== TASK INPUTS

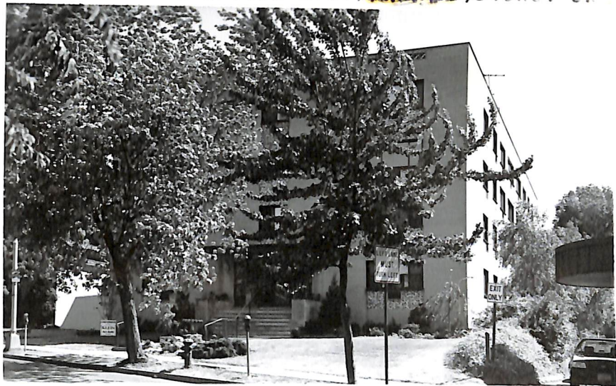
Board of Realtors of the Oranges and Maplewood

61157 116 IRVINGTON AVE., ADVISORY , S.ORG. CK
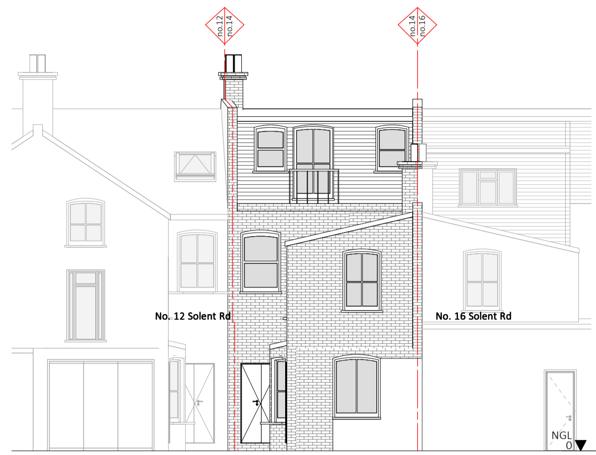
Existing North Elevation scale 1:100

====
== TASK INPUTS

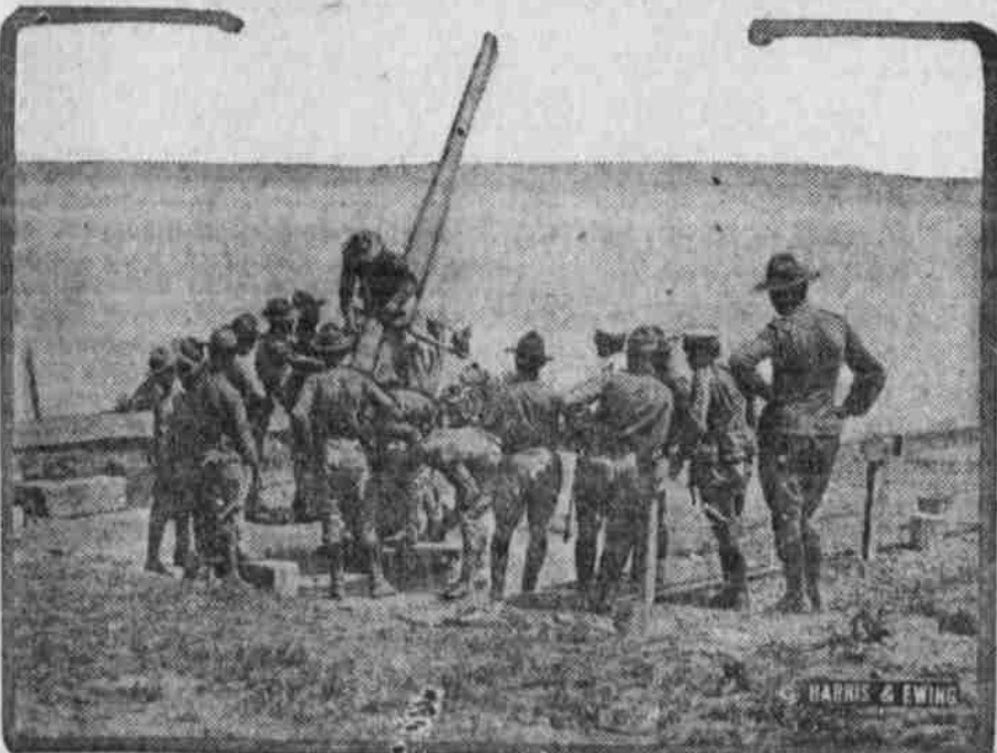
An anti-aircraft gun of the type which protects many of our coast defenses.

====
== TASK INPUTS

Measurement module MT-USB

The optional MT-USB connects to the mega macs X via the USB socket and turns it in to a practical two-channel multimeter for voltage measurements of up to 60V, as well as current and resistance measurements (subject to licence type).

====

The copy should hold exactly the lines above from the one with "Board of Realtors" through the one with "Existing North Elevation scale 1:100", both ends counted, and no pictures at all.

### SOLUTION FOR THIS EXERCISE
Board of Realtors of the Oranges and Maplewood

61157 116 IRVINGTON AVE., ADVISORY , S.ORG. CK
Existing North Elevation scale 1:100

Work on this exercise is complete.